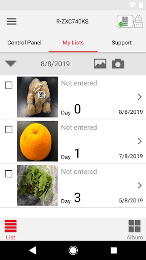 List the stored food by taking photos with a smartphone, Notify you by recording the date of purchase and the number of days passed, and expired date.
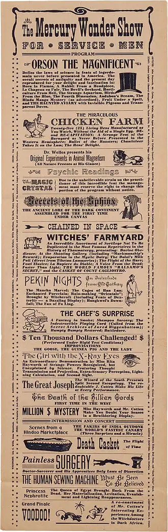 - ^ "The Mercury Wonder Show for Service Men. Orson the Magnificent. (Lot 241)". Magic—The Manny Weltman Houdini Collection (Sale 1949), Swann Galleries. Retrieved 2014-06-09.
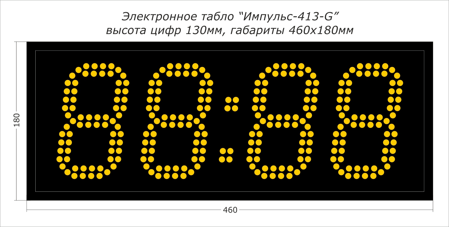 Дисплей создан из точечных светодиодов, в данной модификации они формируют четыре (4) разряда каждый высотой 130 мм. Дальность видимости до 50 метров, угол обзора в горизонтальной плоскости 120°, очень высокая яркость 3.0 Кд позволяет считывать показатели часов даже в условиях засветки солнечным светом. Базовый цвет светодиодов - красный; опционально цвет можно заменить (см. ниже).
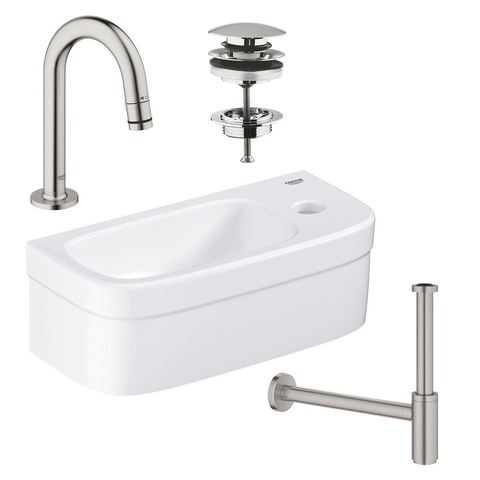 Le GROHE Euro ensemble pour lave-mains 37x18cm 1 trou de robinetterie sans trop-plein robinet courbé super acier siphon bonde lave-mains rectangulaire blanc est une solution complète pour un WC ou une petite salle de bains fonctionnelle. Cet ensemble pour lave-mains combine un petit bassin gain de place avec un robinet courbé assorti, un siphon et une bonde, afin d’harmoniser facilement tous les éléments. Grâce à son design rectangulaire et à sa finition blanche, ce lavabo mural s’intègre aussi bien dans une salle de bains moderne que dans un intérieur plus intemporel. Avec ce lave-mains compact et sa robinetterie coordonnée, vous créez un espace de lavage soigné et pratique, sans compromis sur le design ni sur le confort d’utilisation.
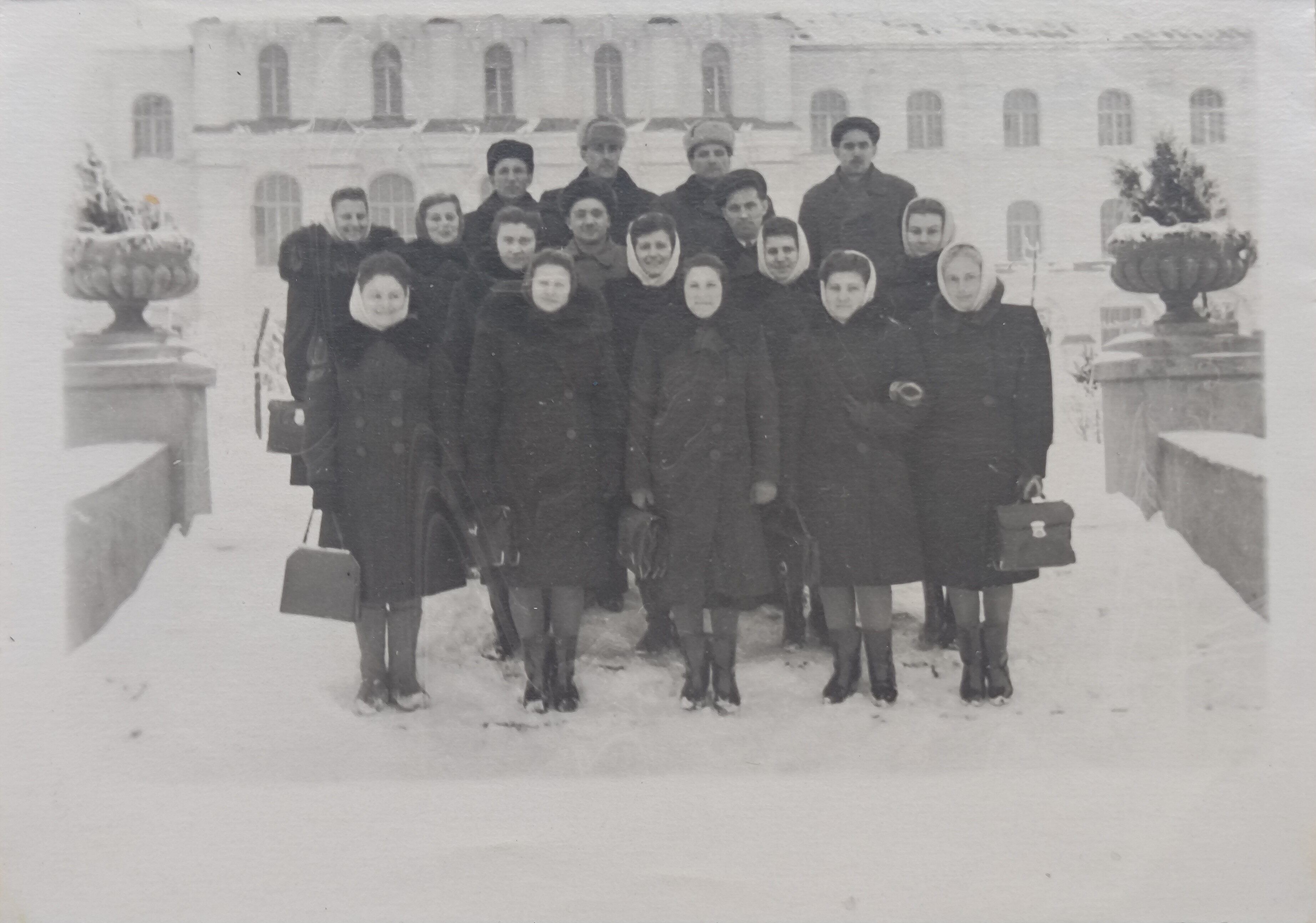 1.03.1951. Київський лісогосподарський інститут. м. Київ. Студенти на фоні навчального корпусу № 1
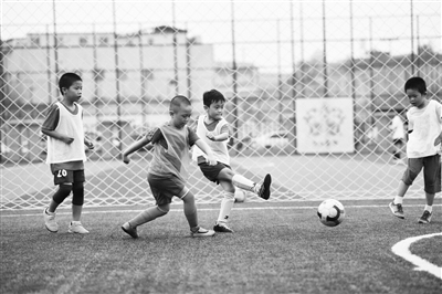 当晚,记者来到十里河体育中心,放眼望去,偌大的绿茵场上球门、边界线、拦球网等设施齐全,标识标线非常规范。有的一家四口围着足球嬉戏玩闹着;有的球队各自为战,踢得热火朝天;有的正在上足球课,教练们正给孩子讲颠球的技巧……
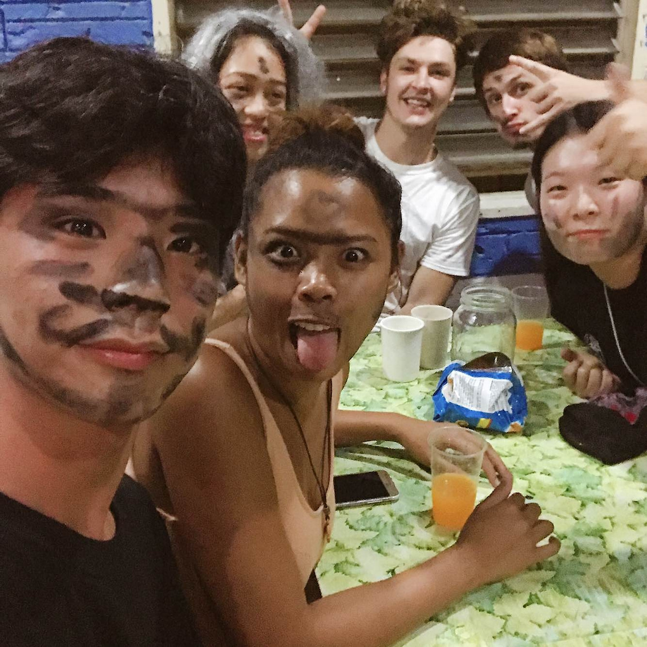 그야말로 대 환장 파티였다. 타워 두 개를 세워두고 술 게임 하나를 시작한 지 1시간도 안되어 사람들 중 절반은 취해버렸고 벌칙으로 인해 다들 만신창이가 되어버렸다. 저 거뭇한 것들은 옆에서 바비큐를 한 뒤 남은 숯덩이를 나무에 갈아서 염료로 이용했던 것이다. 이름은 기억나질 않지만 우리나라의 '007 빵!'같은 게임을 2시간 넘게 하니 슬슬 지루해졌는지 누군가 다른 게임을 제안했다.
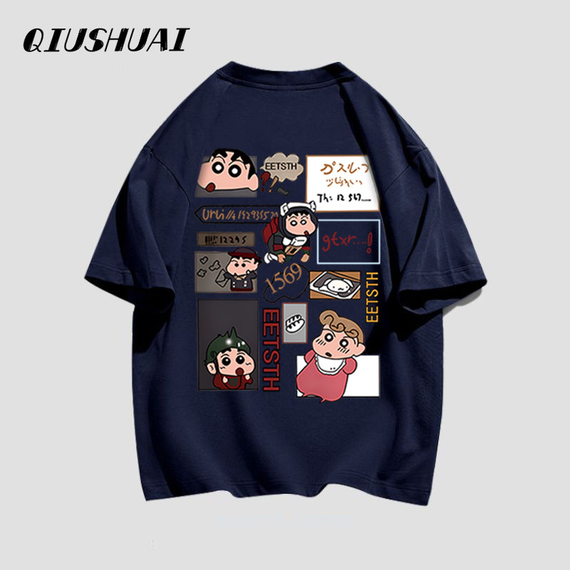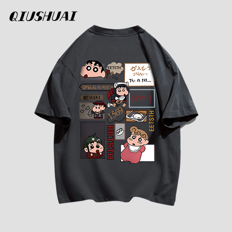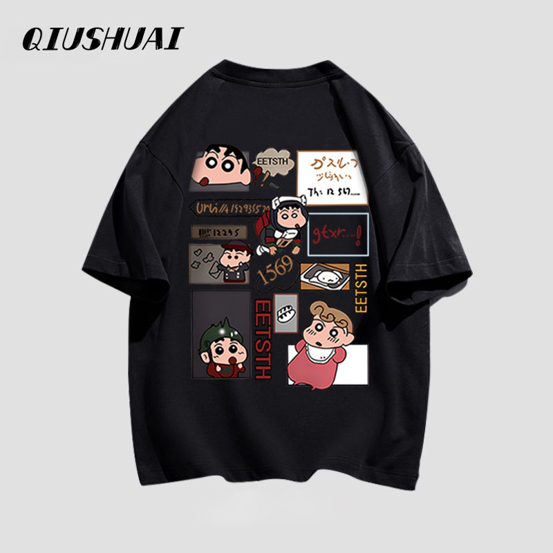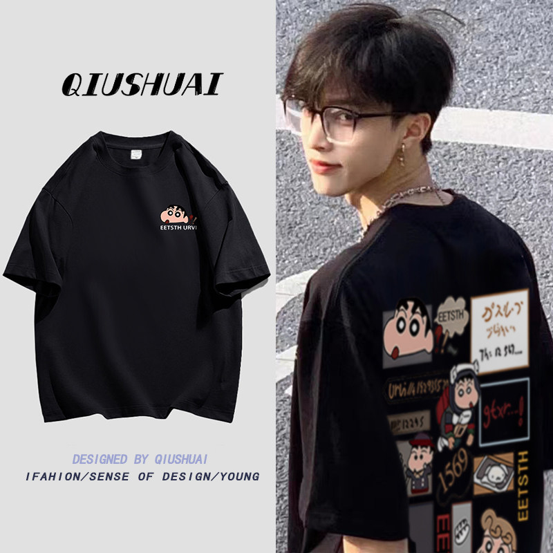 重磅纯棉t恤男夏新款日系潮牌蜡笔小新动漫潮男短袖oversize上衣
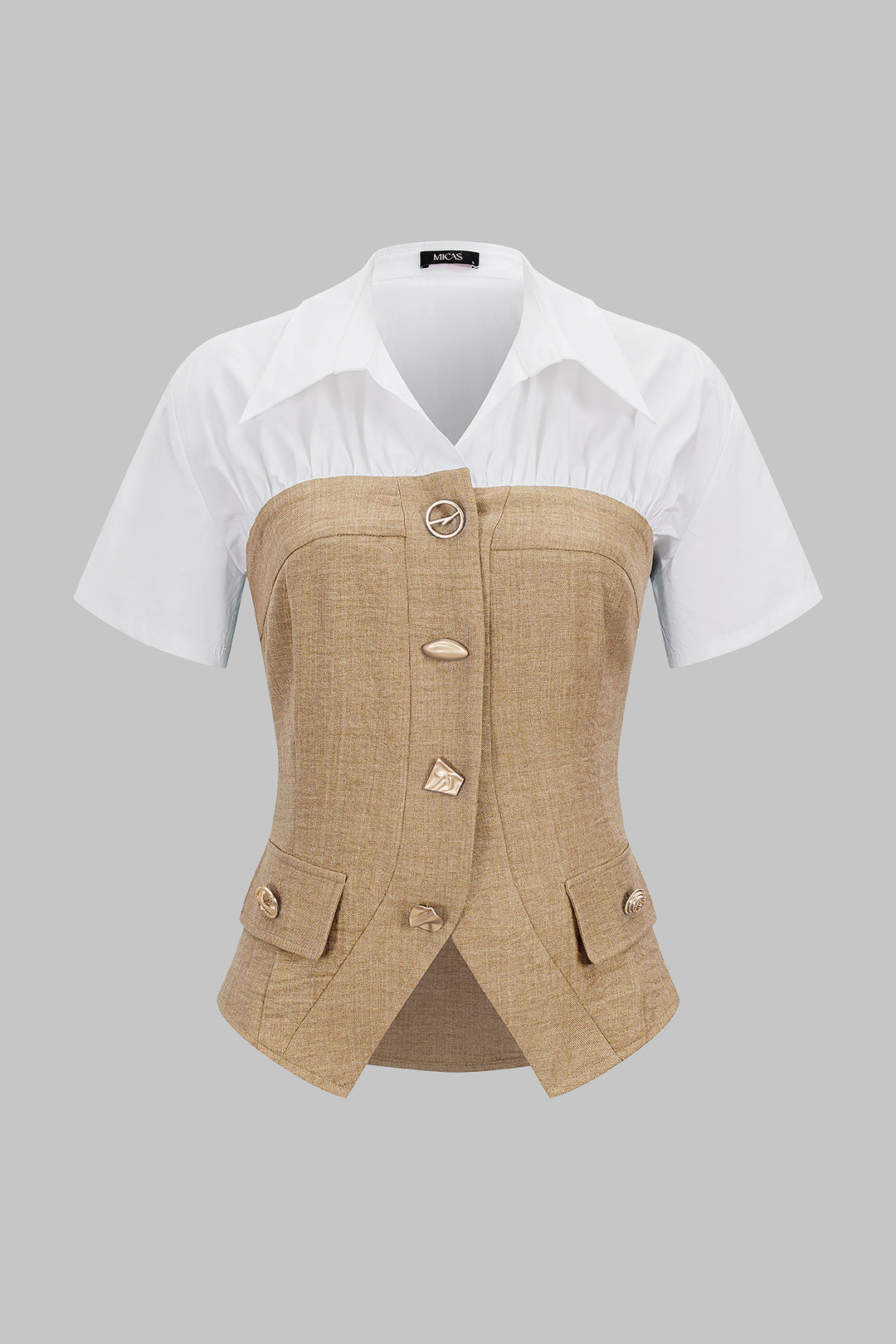 Contrast Irregular Button Lapel Short Sleeve Top
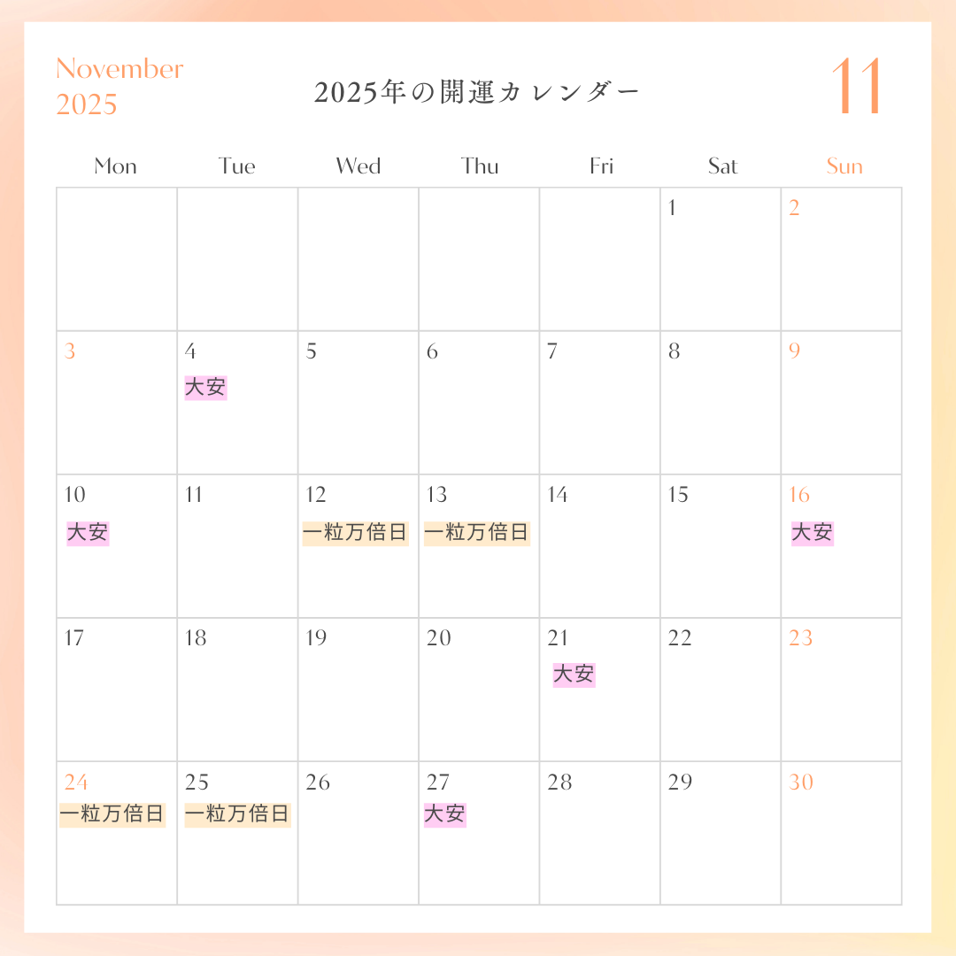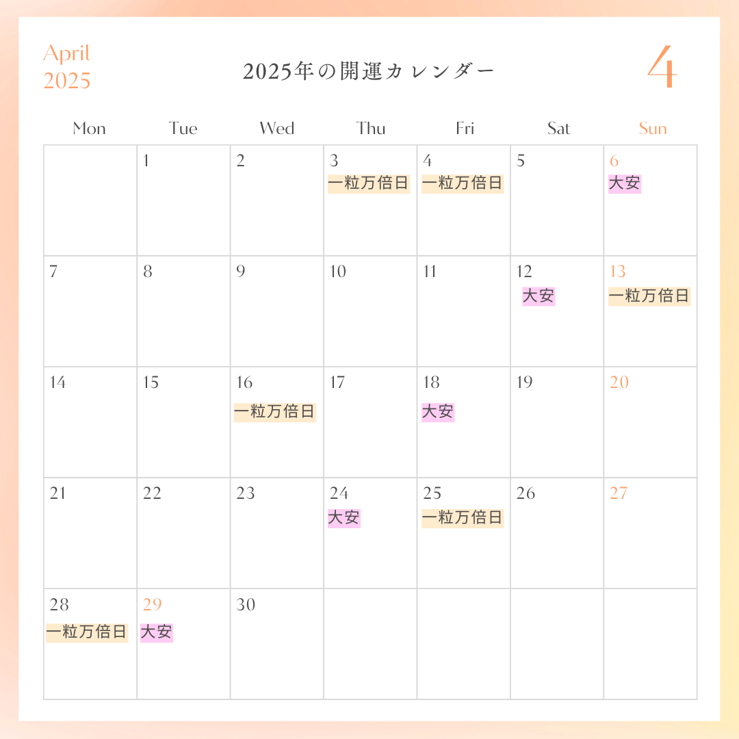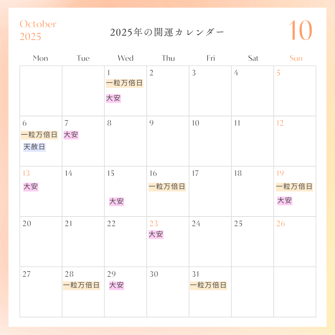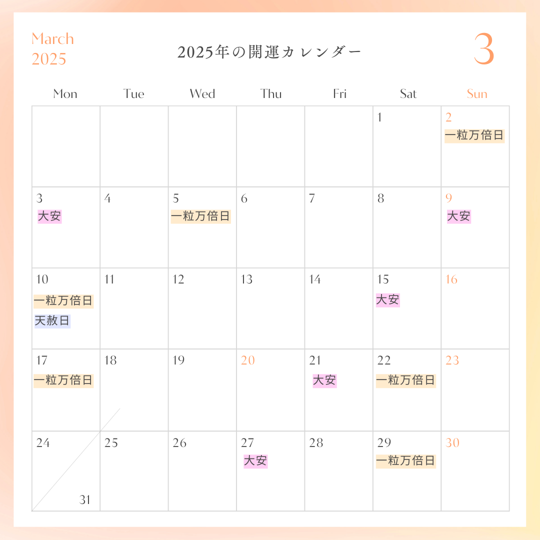 一粒万倍日や天赦日や大安などの特徴を考慮し、開運カレンダーを活用して選んでいきましょう。

# Instructions for the task:
Would you give again exactly the lines from the line containing "Contrast Irregular Button" through the end of the listing, both ends included, without any pictures?

# Output of the task:
 Contrast Irregular Button Lapel Short Sleeve Top
 一粒万倍日や天赦日や大安などの特徴を考慮し、開運カレンダーを活用して選んでいきましょう。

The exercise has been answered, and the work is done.